今回のおさむさんとのレッスンエピソードを読んでいただいければお分かりの通り、「前に出そう」ということをしようとすると、その指令に従って私たちのカラダはそれなりの反応をしてくれます。「声を前に出す」ためにいろんな努力をしてくれるのです。
例えば・・・
・筋肉をより緊張させて力を込められるようにする
・前方向へ声を飛ばすため顔や首を前方向に動かす
・口や目を大きく開く
他にも色んなことがカラダで起こるでしょう。そして何が起こるかは人によって違いますからこれさえやればいいと言う方法はありません。
声を前に出すことを邪魔するカラダの使い方に気づき、それをやめるために必要な事をしなくてはなりません。
LINEで「○○したいんですけどアドバイスください」という質問をいただくこともありますけど、こればっかりは私もあなたの声を出すときのカラダの使い方を実際に見ない限りはわかりません。だから私から「声を出すときにどんなことをしていますか?」と質問しているわけです。
例えばあなたが「前方向へ声を飛ばすため顔や首を前方向に動かす」ということをしているなら、息の通り道を狭めてしまっているので、声が前に出て行くのを邪魔しています。だからそれをやめるための提案をします。

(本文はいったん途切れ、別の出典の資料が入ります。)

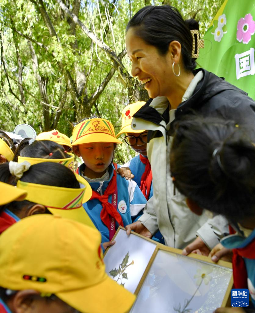 5月22日,西藏大學(xué)生態(tài)環(huán)境學(xué)院副教授索南措向小學(xué)生普及植物多樣性知識。新華社記者 張汝鋒 攝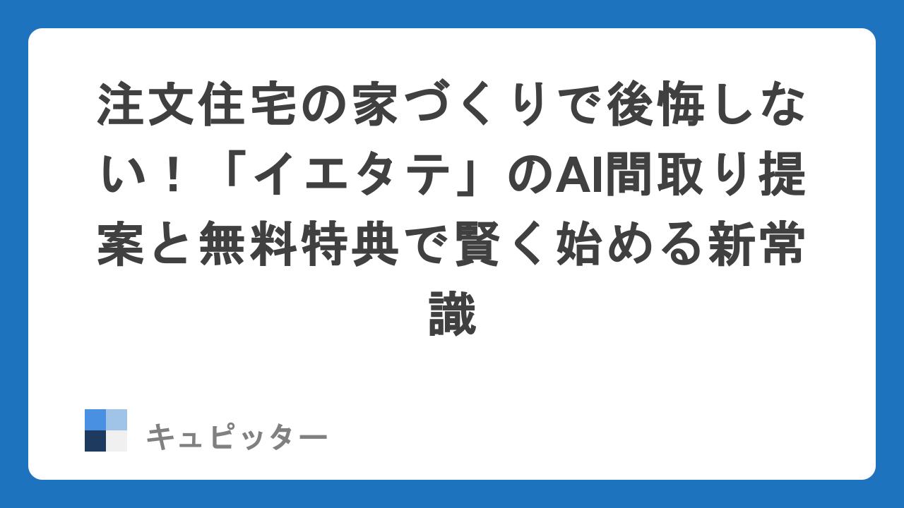 注文住宅の家づくりで後悔しない!「イエタテ」のAI間取り提案と無料特典で賢く始める新常識

でもおさむさんのように「手と腕をギュッとしている」なら息の通り道を狭めるのをやめる提案は必要ありません。その代わりにおさむさんにお渡しした提案が必要なわけです。
すべての人に通用するボイトレ理論や練習、トレーニングなんて存在していないんです。
だからまずはあなたが自分の発声を邪魔している行動に気づく必要があるんです。
それに気づくことができれば私がLINEのコラムでお届けしているアイディアも効果的に活用できるはずです。
もしまだご自分の発声の邪魔をしている習慣に気づいていないなら、早めに気づいておいた方がいいですよ。

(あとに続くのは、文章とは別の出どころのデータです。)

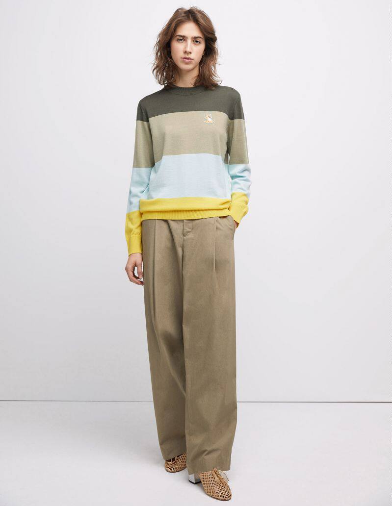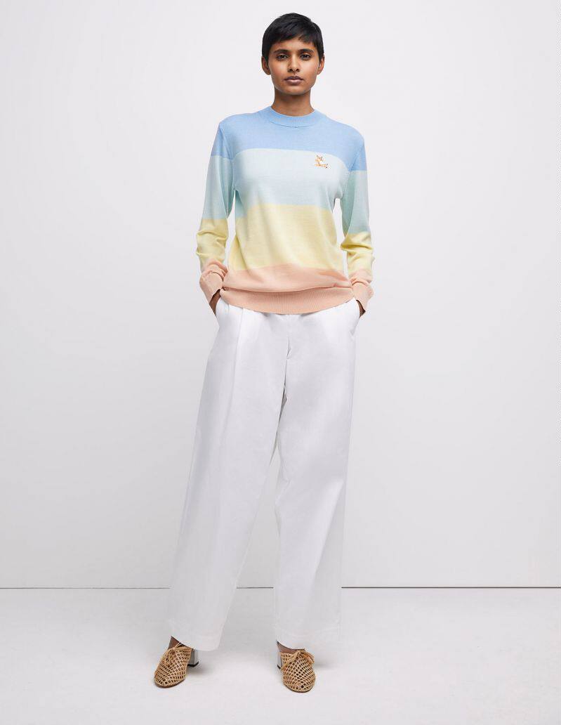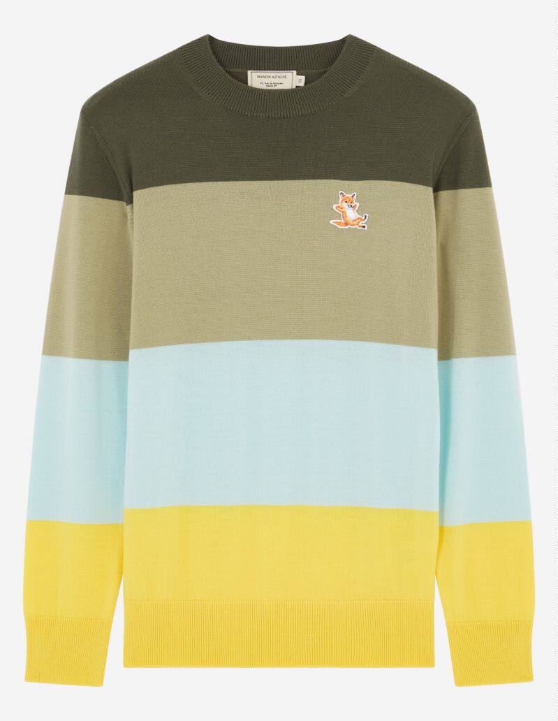 Spot Early Spring Maison Kitsune Colored Strips Fox Sweater Colorful Parquet and Collared Jersey Striped

数年後、必ずと言っていいほどそのクセに悩まされることでしょう。そして、人前で話したり、広めの空間でちょっと話しただけですぐに疲れてしまう声のできあがりです。
営業のお仕事をしていたり、セミナー講師やプレゼンをされる機会の多い方、歌やセリフ、朗読やナレーションのような声のお仕事をしている方は特に気をつけてくださいね。
あなたの大切な商売道具を、知らないうちにあなた自身が破壊していることに等しいですから。
もしご自分ではみつけられないと言う方は気軽にLINEから質問してくださいね。
最後に一言。くどいようですけど「声を前に出そう」という無駄な努力は、今日限りでやめましょう。